Accepted (implemented). The single-owner lease lifecycle (grant → renew → release / expiry → local fallback + cancel relay) is fully implemented and covered by 13 integration tests in crates/vox-orchestrator/src/orchestrator/tests/populi_single_owner.rs. Lease-gated remote execution is off by default behind VOX_ORCHESTRATOR_MESH_REMOTE_LEASE_GATING_ENABLED; see remote execution rollout checklist for go/no-go gates and kill-switch table.

Populi provides membership, HTTP control plane operations, and A2A inbox semantics including claimer leases for mesh-delivered rows (mens SSOT). The orchestrator emits RemoteTaskEnvelope traffic via A2A when experimental flags are set. With VOX_ORCHESTRATOR_MESH_REMOTE_LEASE_GATING_ENABLED=1, relay is awaited and successful grant places the task in remote-hold (single owner, no local dequeue); lease renew loss or expiry falls back to local enqueue and relays cancel.
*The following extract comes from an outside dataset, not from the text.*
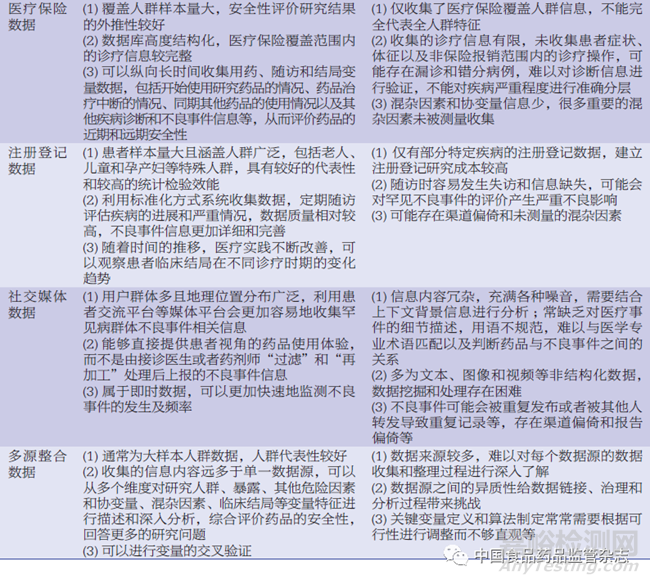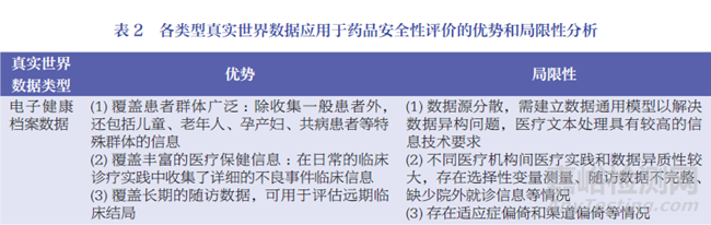 上述各類型的RWD應(yīng)用于藥品安全性評(píng)價(jià)的優(yōu)勢(shì)和局限性匯總分析見表2。

The first-wave personal-cluster roadmap needs a clear upgrade path from relay-style fan-out to authoritative remote ownership so that:

  • at most one worker owns execution of a given leased task class at a time,
  • long-running GPU work can renew leases and handle cancellation predictably,
  • partition or expiry yields a defined local fallback (or explicit failure) rather than silent double execution.
  1. Authoritative remote execution v1 uses a single-owner lease recorded by the Populi control plane (or equivalent durable coordinator): exactly one remote worker holds the lease for a given task / correlation id until release, expiry, revocation, or verified handoff (if ever added later).
  2. Transport for handoff, renew, cancel, and result correlation remains A2A over the Populi HTTP control plane unless a future ADR replaces ADR 008 as the default control transport. Lease state may also be exposed via additive HTTP APIs as contracts evolve.
  3. No work-stealing in v1: the scheduler does not preempt an active lease holder for another peer without an explicit future design.
  4. Local fallback is required for the leased task class when lease acquisition fails, renewal fails, the worker is unhealthy, or the lease expires without completion—unless operator policy explicitly opts into fail-closed behavior for that profile (documented per deployment).
  5. Promotion trigger: shipping behavior where remote execution correctness or SLA depends on Populi (not merely “extra logging” or “hinting”) is a breaking adoption of this ADR and must be accompanied by contract tests, rollout docs, and updates to mens SSOT and unified orchestration.
  • Default WAN distributed training or collective-heavy schedules.
  • Hosted multi-tenant GPU donation networks (ADR 009 remains the future-scope boundary).
  • Merging remote_mesh durability semantics with local_durable queue ownership without a separate ADR.
  • Experimental relay flags remain best-effort and non-authoritative until implementation aligns with this ADR.
  • New OpenAPI fields and orchestrator gating are expected to be additive and off by default during rollout.
  • Operators gain a stable vocabulary: lease grant / renew / release / expiry, correlation id, single owner, fallback.